The annual birthday post.
Maybe you can relate to this:
At some point, something happens. A loss, a disappointment, a hurt, a reopening of trauma. Maybe a combination of those.
Things fall apart. Maybe not immediately, or obviously. But enough to make your life feel unrecognizable.
As you pick up the pieces, it seems obvious that you should try to figure out where and how you went wrong, so that you can avoid making a mess of things again. You comb over your mistakes. You spend a lot of time thinking about your regrets, which seem to have multiplied exponentially.
You cultivate something that feels like caution. You become more bounded and careful in how you connect. Risks that once felt reasonable suddenly seem to be too big, too much. Openness that once came easily becomes difficult.
Routines feel more important than ever. You know the dangers of being overly attached to routine better than anyone, but you can’t help feeling as though habit is the only thing you have left. You burrow into your daily rhythms and creature comforts. You retreat further into yourself.
Over time, you enter a space that feels sort of like safety. The great open wound you were trying to stitch up is no longer bleeding. But at a certain point it occurs to you that, while you’re no broken open, you can’t remember the last time you felt joy.

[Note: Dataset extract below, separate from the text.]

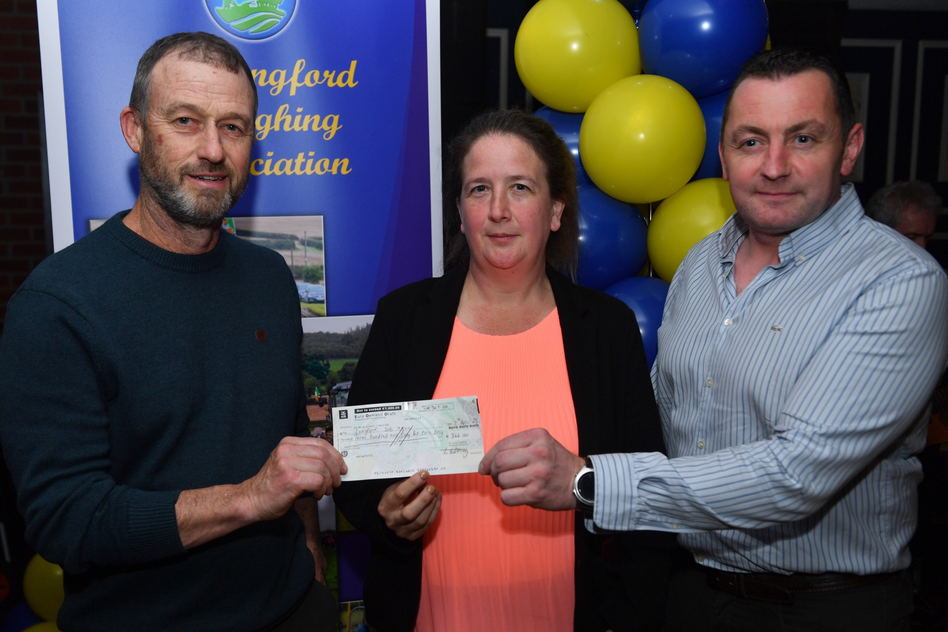 Caption: Harriet Stewart presenting cheque to James Cahill and John Bidrick of the County Longford Scuba Divers sponsorship proceeds from the presentation night

This is what happened to me in my thirties. In my case the joylessness turned into depression, and depression became despair.
Geneen Roth says that “most of us spend our lives protecting ourselves from losses that have already happened.” The sort of miraculous thing that happened this year is that I stopped trying to keep myself safe.
I can’t really tell you how that came to be, but I think I can tell you why. Covid had a lot to do with it. Countless hours of total solitude in the midst of a global pandemic will get you thinking.
What I figured out during lockdown is that I don’t want to keep living the way I have been. When I say this, I don’t mean that I want the shape or appearance of my life to change, though there’s plenty about my circumstances that I’d like to be different.
I mean that I’d like to change how I approach living. The pandemic woke me up, made me realize that it was time to start taking chances again. This wasn’t a conscious thing at first; rather, I was so starved for interaction and experience that I hurled myself back into living as soon as it was safe to do that.
As I re-entered the world, though, I realized just how stuck I’ve been. I was able, for the first time, to see how angry and resentful I’ve felt, how envious of other people, how attached to self-loathing, how stubborn in my refusal to hope.
A lot of this stuff is symptomatic of my depression. But I learned long ago, in recovery, that it’s within my power to notice and challenge my own patterns and triggers, whether or not I can entirely change them.
Useless, crazy-making self-rebuke is a good pattern to notice. I’ve spent the second half of this decade awash in remorse. I’ve dwelt on my failings, overanalyzed the ways in which I’m broken, and hated myself for being depressed (which is, of course, a very effective approach to managing depression).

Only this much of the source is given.